“El fondo del corazón es árido. El hombre siembra sólo aquello que puede… y lo cuida”. Stephen King, Cementerio de animales

¿Jugamos mañana?

Por José María Marcos (*)


A Kiara solían dejarla demasiado tiempo sola, y las horas pasaban largas y aburridas, abrumadoras y tenebrosas como la afonía de Dios.
Todas las tardes planificaba distintas actividades para entretenerse con sus amigas. Buscaba olvidar el abandono de su madre y el creciente mal humor de su padre.
Un buen día, Kiara reveló a sus compañeras que estaba muy preocupada por el paradero de Itatí, y su padre esquivaba mencionar a la desaparecida.
—¿De qué hablás? ¡No sé nada! ¡Yo no sé nada!
Con el fin de averiguar algo por su cuenta, Kiara sentó a sus amigas en un círculo, imitando a su abuela Adaluz, que usaba un pañuelo rojo en la cabeza y tenía un lunar que parecía una isla en una cara inundada por las arrugas. Kiara planeó aquella sesión durante largo tiempo, y habiendo meditado las palabras necesarias, pese a sus cortos once años, convenció a sus compañeras.
Tras cerrar las cortinas del living, apagó las luces y encendió, en el centro de la rueda, tres velas negras que le robó a su abuela, o que Adaluz se dejó robar al ver que su nieta tenía cierta inclinación hacia sus creencias.
Al lado de las velas, Kiara puso una cuchilla con la que Adaluz cortaba las cabezas de los sapos durante sus conjuros.
Asumiendo su liderazgo, comenzó a dar órdenes:
—Vos, Lucía, vas a ser la encargada de hablar por Itatí. Sé que podés hacerlo bien —dijo contemplando a su amiga, que se estaba quedando pelada, tenía la cara sucia y poseía un gesto adusto que ensombrecía su belleza.
Lucía le devolvió la mirada y asintió en silencio.
—Las restantes me van a ayudar a buscar entre las sombras. Cerraremos los ojos y, poco a poco, vamos a visualizar a Itatí.
Estuvieron algunos minutos sumergidas en una pausa hasta que Kiara murmuró:
—Veo a un hombre… Está muy enojado… Itatí le pregunta: “¿Jugamos mañana?”. El hombre se tambalea… pero va hacia ella… la agarra de las piernas… No, por favor… no… ¡no! La golpea contra el suelo… Le arranca la cabeza, los brazos… la mete en una bolsa negra. La noche está oscura… pone el cuerpo en un volquete… no hay nadie…
Kiara abrió los ojos y notó que transpiraba.
Lucía, sin perder su mueca hosca, habló con la voz metálica de Itatí:
—¿Tomamos la leche? ¡Tengo hambre!
—¿Dónde estás, Itatí? —preguntó Kiara, desesperada, y a tientas tomó la cuchilla, que apretó contra su pecho—. ¿Dónde estás? ¿Dónde estás?
—¡Tengo sueño! ¿Me peinás? —siguió Lucía.
—¡Decinos dónde estás! —gritó Kiara.
—¿Tomamos la leche? ¡Tengo hambre!
Se abrió la puerta.

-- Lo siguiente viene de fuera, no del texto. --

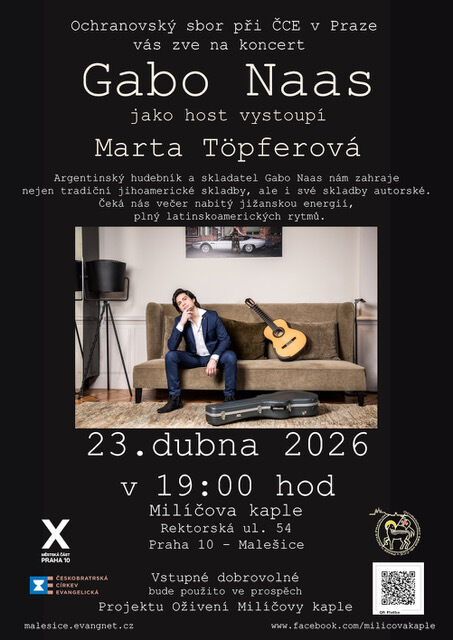 Ochranovský sbor při ČCE v Praze Vás zve na koncert Gabo Naas, jako host vystoupí Marta Töpferová, 23. dubna 2026 v 19. hod, Milíčova kaple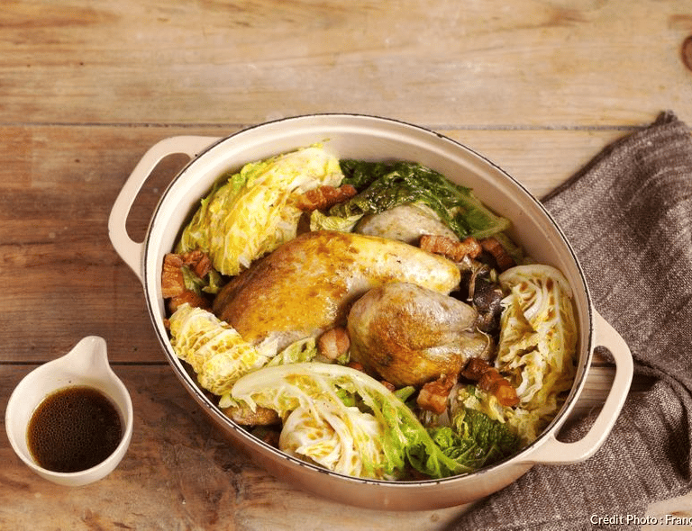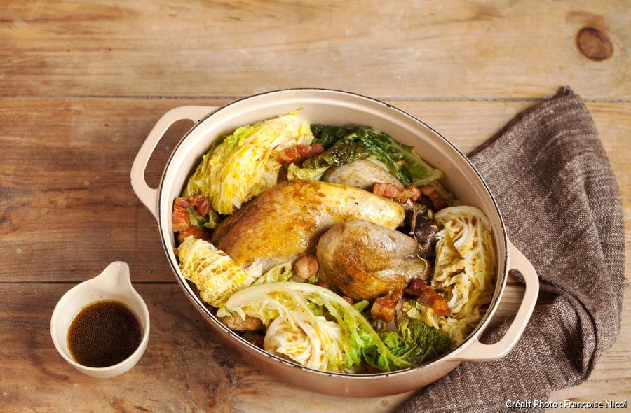 À leur place, faites revenir le chou émincé, puis remettez la viande. Versez le bouillon de volaille, le thym et le laurier, couvrez et laissez cuire 1h environ, en retirant les ailes 20 min avant la fin de la cuisson. Retirez au dernier moment le thym et le laurier et servez chaud, directement dans la cocotte.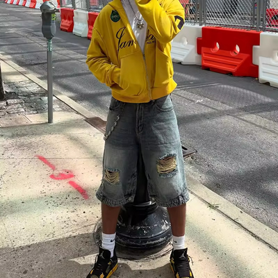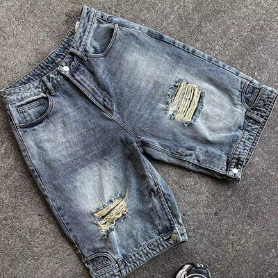 Define your street style with confidence! Our custom-made denim shorts are crafted from premium denim fabric, featuring a tailored washed process that delivers a vintage fade and perfectly distressed texture. The loose fit design with intentional ripped details ensures both comfort and trendsetting appeal, making them ideal for daily wear and standout streetwear looks.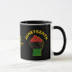 Custom JUNETEENTH Celebrate Freedom Coffee Mug with stylish Freedom Power Fist in Pan African colours of red, black and green, with a yellow drop shadow. The curved heading says JUNETEENTH in bold yellow typography. The design is repeated on the back. The text in the centre says CELEBRATE FREEDOM plus NEVER AGAIN BOUND BY THE YOKE OF SLAVERY and this quote is based on the Christian Bible verse Galatians 5:1. This text is CUSTOMIZABLE so you can replace with your name or with your own inspirational quote. This Pan African Juneteenth Coffee Mug would make an ideal gift for Juneteenth, Christmas, Birthdays, Black History Month, and throughout the year whenever African American Caribbean cultural pride is celebrated. Choose from a wide selection of Juneteenth designs on clothing, home decor, cards and gifts, original designs by Berean Designs.

El padre de Kiara entró, borracho, como tantos días, y se sorprendió ante la reunión.
—¡Tengo sueño! ¿Me peinás? —repitió Lucía, y el padre caminó hacia ella, la tomó de las piernas y la golpeó contra las paredes.
Kiara trató de proteger a sus otras amigas, pero el padre le dio un empujón, sin importarle que tuviera la Tramontina en la mano, y una a una, fueron despedazadas por las garras de aquel hombre, que al terminar se desplomó en la fría losa y vomitó contra su rostro.
La cabeza de Lucía, tirada debajo de un armario y separada de su cuerpo, siguió hablando:
—¿Jugamos mañana? ¿Jugamos mañana? ¿Jugamos mañana?
Lejos, muy lejos, en medio de un basural, Itatí parpadeó y respondió con firmeza:
—Juguemos hoy.
Y Kiara, mirando a su padre y a sus muñecas destrozadas, recordó cómo su abuela acariciaba a los sapos.